I printed to PDF this HN thread in Chrome (I assume that the PDF printing was done on the system level by OSX -- EDIT yes, from the file: "/Producer (macOS Version 10.15.2 \(Build 19C57\) Quartz PDFContext)"), and none of the page's strings appear as ascii or utf-8 in the document. grep is unable to find any string in that file.
Do you have a specific print to PDF setup? Or a PDF-aware grep..?
EDIT: Seeing the command-line you're using, the search you do is over the files' names, correct? The PDF/(original web page) text content is not indexed, right? Just to make sure I understand correctly.
I just use the PDF defaults from whatever browser I'm using at the time. Nothing special involved, just the defaults.
I do use 'pdftotext' to do more fine-grained searching if I need to - but for the most part I find that a simple "ls -l | grep <search>" suffices, since this method preserves page title text too ..
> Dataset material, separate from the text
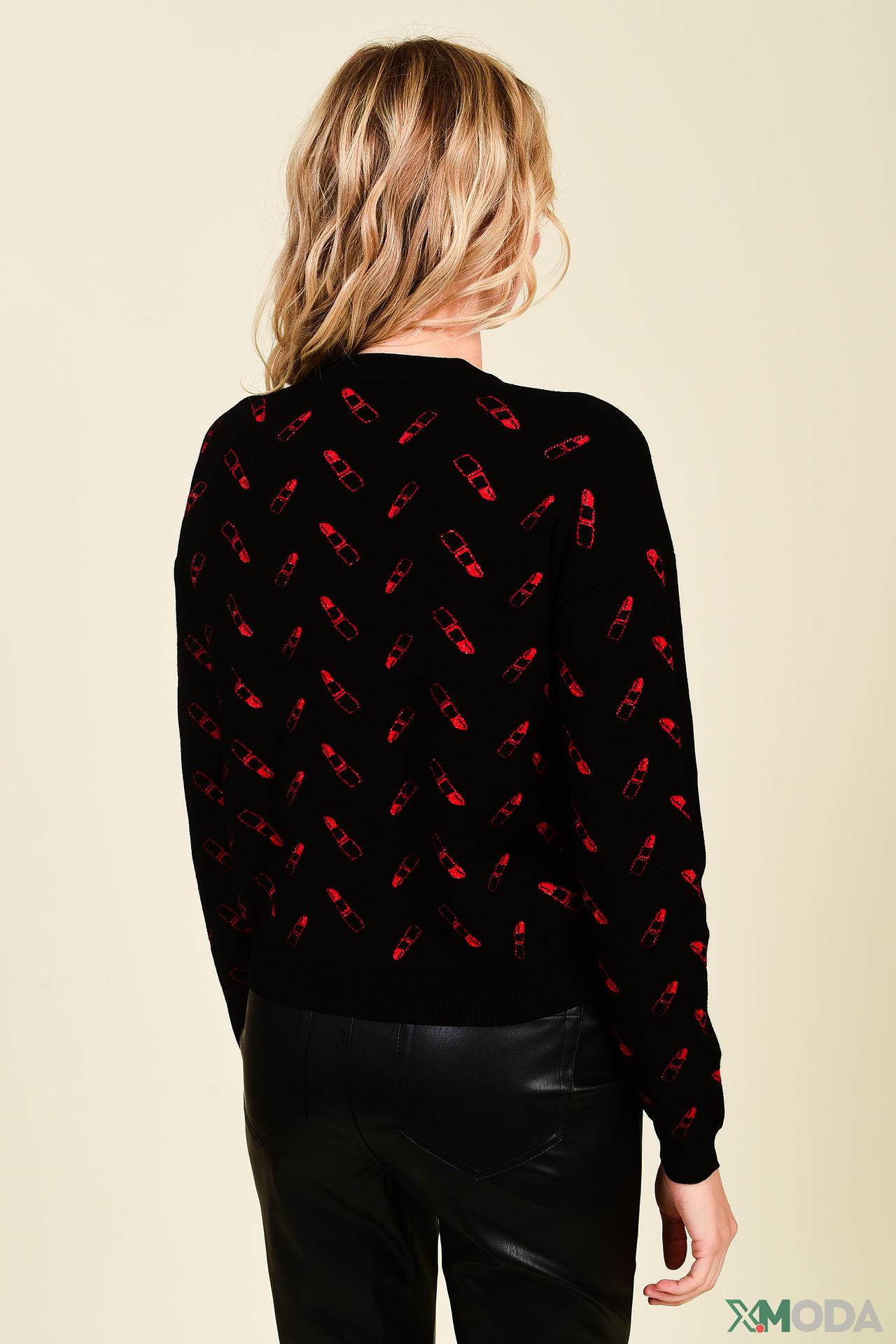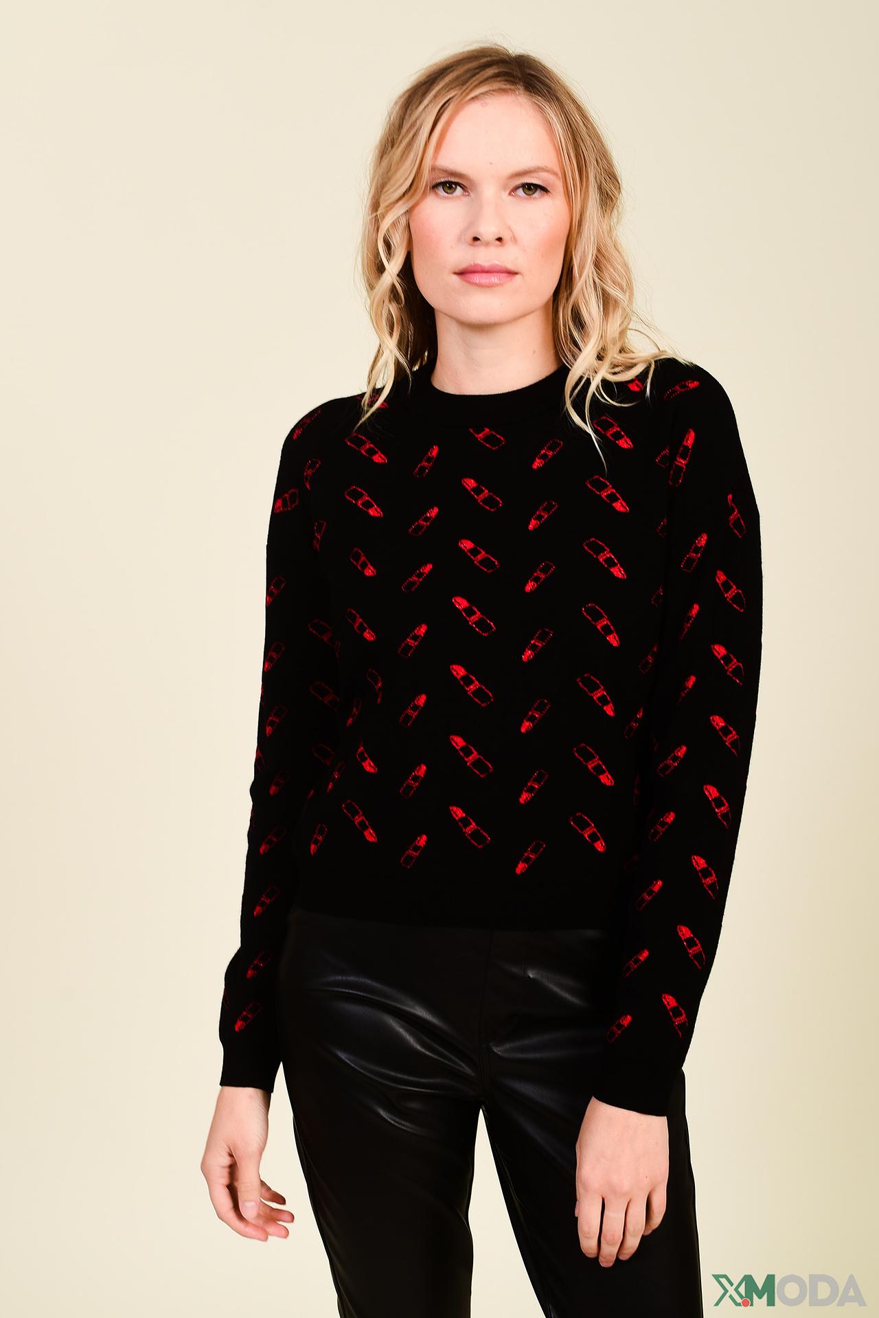 Стильный женский джемпер от бренда i Blues станет ярким акцентом вашего гардероба. Модель выполнена в классическом черном цвете и украшена оригинальным принтом в виде красной помады, что придает образу игривости и кокетства. Высококачественный состав ткани обеспечивает комфорт при носке и сохраняет первоначальный вид изделия даже после многочисленных стирок.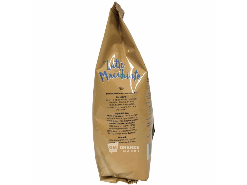 Sladká syrovátková sušenina, cukr, plně ztužený kokosový tuk, glukózový sirup, kávový extrakt 6 %, sušené odstředěné mléko, laktóza, mléčná bílkovina, stabilizátory (E340, E452), protispékavá látka (E341, E551), sůl, emulgátory (E471, E433), aroma (obsahuje laktózu).

I did the same thing for this thread and had no issues with this command, whatsoever:
> EDIT: Seeing the command-line you're using, the search you do is over the files' names, correct? The PDF/(original web page) text content is not indexed, right? Just to make sure I understand correctly.
pdftotext gets the actual text from the PDF. I don't do this, but I'm sure that you could automate the process of generating a text file for each PDF in a directory with pdftotext and then ripgrep the text files when it's time to search the contents. That would be doable with a makefile or a couple of shell scripts.
Yeah, my computer is fast enough that I can just do "find . -name '*.pdf' -exec pdftotext {} \; | grep -i someSearchTerm" and come back later. Bonus points that it stays in my Terminal for reference later in the day as needed.
Is there a reason why you don't use mdfind instead (built-in spotlight search from the terminal)?
That way you can search pdf files directly from the terminal without converting to text first, and the directory is already indexed.
1: Force of habit, since I use grep and silversearcher elsewhere a lot, but 2: I hate the mdfind indexer service putting garbage all over my disks, so I've turned it off and forgotten about it.
Are you manually printing each page to PDF? I would love to have an automated way to do this but haven't figured out how to deal with logging into subscription based site and all that.
There is also some degree of messiness even with printing to PDF. For example let's say I want to save an HN or Reddit discussion along with the comments - I would need to make sure I capture all the comments that overflow to "More" on HN or are behind a "load more comments" link on Reddit. Is there any elegant way to traverse all that and capture it?
ArchiveBox.io saves to PDF and to screenshot and WARC, and HTML to avoid issues that PDF alone has, but the feature that allows archiving sites behind a login isn't completely finished yet.
Yes, manually, but as I stated elsewhere: its muscle memory and smooth as an operation for me locally anyway now.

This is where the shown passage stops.